O Distrito Federal defendeu a legalidade da resolução, argumentando que todos os conselhos estaduais de educação assim como o do Distrito Federal têm competências legais para estabelecer normas e diretrizes para seus sistemas de ensino, em acordo com as Diretrizes Curriculares Nacionais definidas pelo Conselho Nacional de Educação.
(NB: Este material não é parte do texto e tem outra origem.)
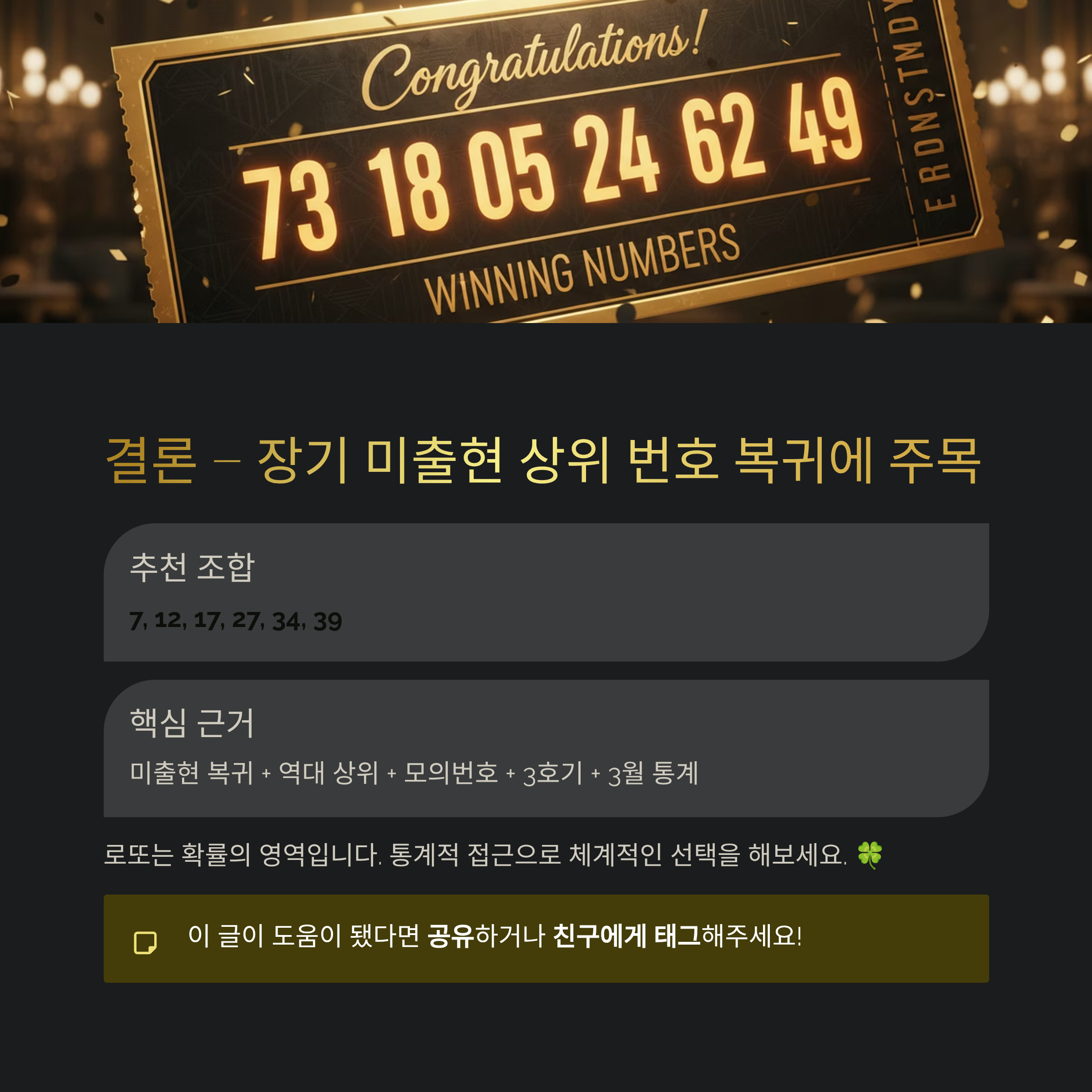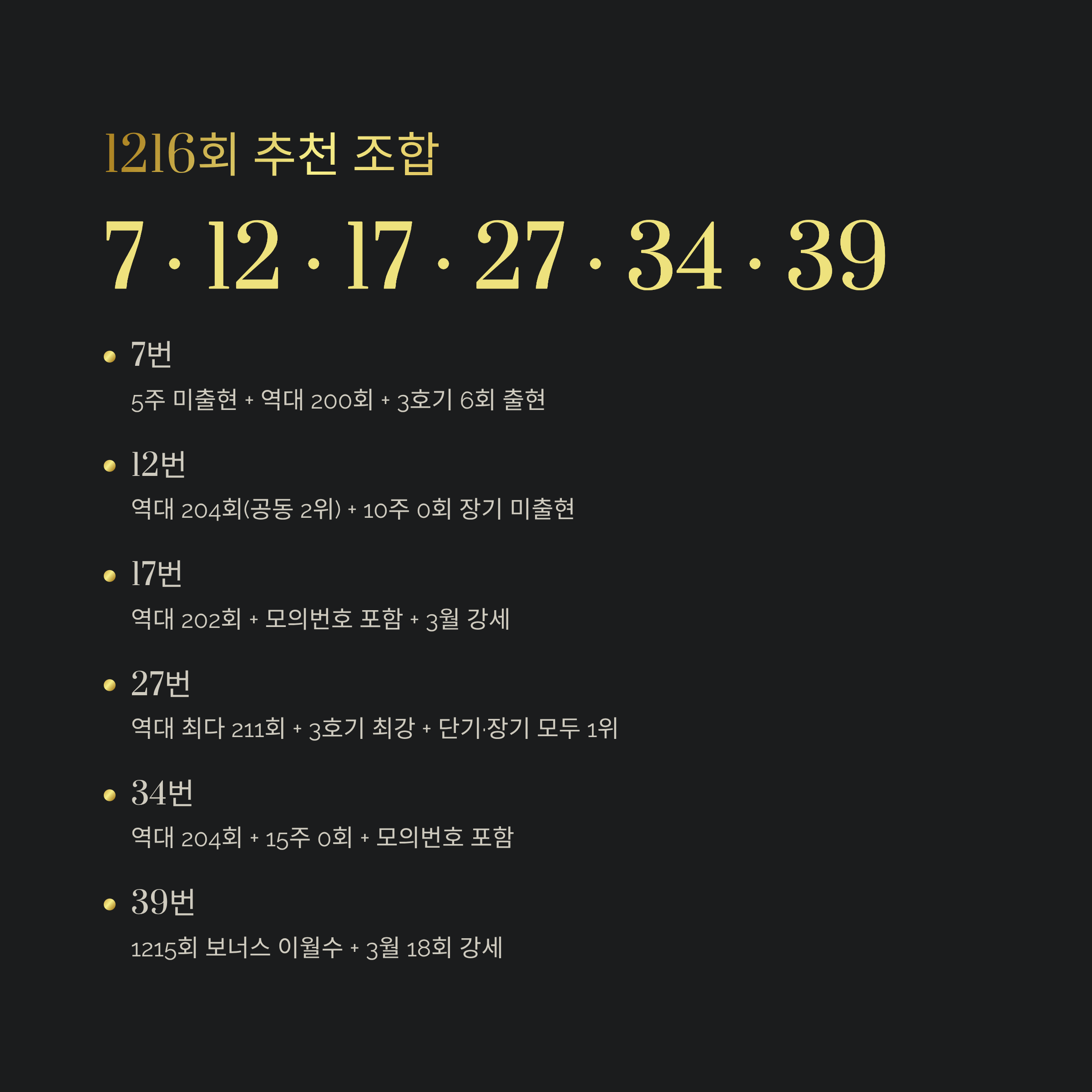 저는 오늘 분석을 종합해서 7, 12, 17, 27, 34, 39번 조합을 추천 드렸는데요. 미출현 복귀(7, 12, 17, 34), 역대 최상위 강세(27), 이월수(39), 모의번호 반영(17, 34), 3호기 추첨기 통계(7, 27), 3월 계절 통계(12, 17, 39) 등 여러 근거가 겹치는 번호들로 구성한 조합입니다.

Na sentença, a juíza substituta Natacha Raphaella Monteiro Naves, da 7ª Vara da Fazenda Pública do Distrito Federal, explicou que o DF deve elaborar políticas e planos educacionais. Porém, ela afirma que as instituições de ensino privada são livres para elaborar e executar suas propostas pedagógicas, desde que fundadas nas diretrizes educacionais elaboradas pela União, Estados e Distrito Federal; notadamente a Lei 9.394/96 (estabelece as diretrizes e base da educação nacional).

"Nada obstante a previsão de adoção do sistema em ciclos e períodos semestres pela Lei de Diretrizes e Bases da Educação Nacional - LDBE, certo é que se trata de faculdade e não obrigação na adoção do referido sistema. Nesse contexto, constato que o Conselho de Educação do Distrito Federal extrapola a competência concorrente do Distrito Federal para legislar sobre educação", concluiu.

Na sentença, a juíza afirmou ainda que o artigo questionado é inconstitucional e ilegal, "pois viola a autonomia educacional, a exigência de pluralismo de ideias e de concepções pedagógicas, e a facultatividade de as escolas particulares adotarem o sistema da progressão regular por séries".

Com esses fundamentos, ela autorizou o colégio a não cumprir e não incluir em suas normas internas o que dispõe o artigo 25 da Resolução 1/2002, o Conselho de Educação do Distrito Federal. A juíza também proibiu o governo do DF de aplicar qualquer sanção por não cumprir o artigo.

O governo do Distrito Federal recorreu da decisão, mas a sentença foi mantida pela 3ª Turma Cível do TJ-DF que concluiu que "a Resolução 1/2012 do Conselho de Educação do Distrito Federal afronta a LDBE, ao estabelecer a obrigatoriedade da adoção do Ciclo Sequencial de Alfabetização, sem reprovação, para os três anos iniciais do Ensino Fundamental". Com informações da Assessoria de Imprensa do TJ-DF.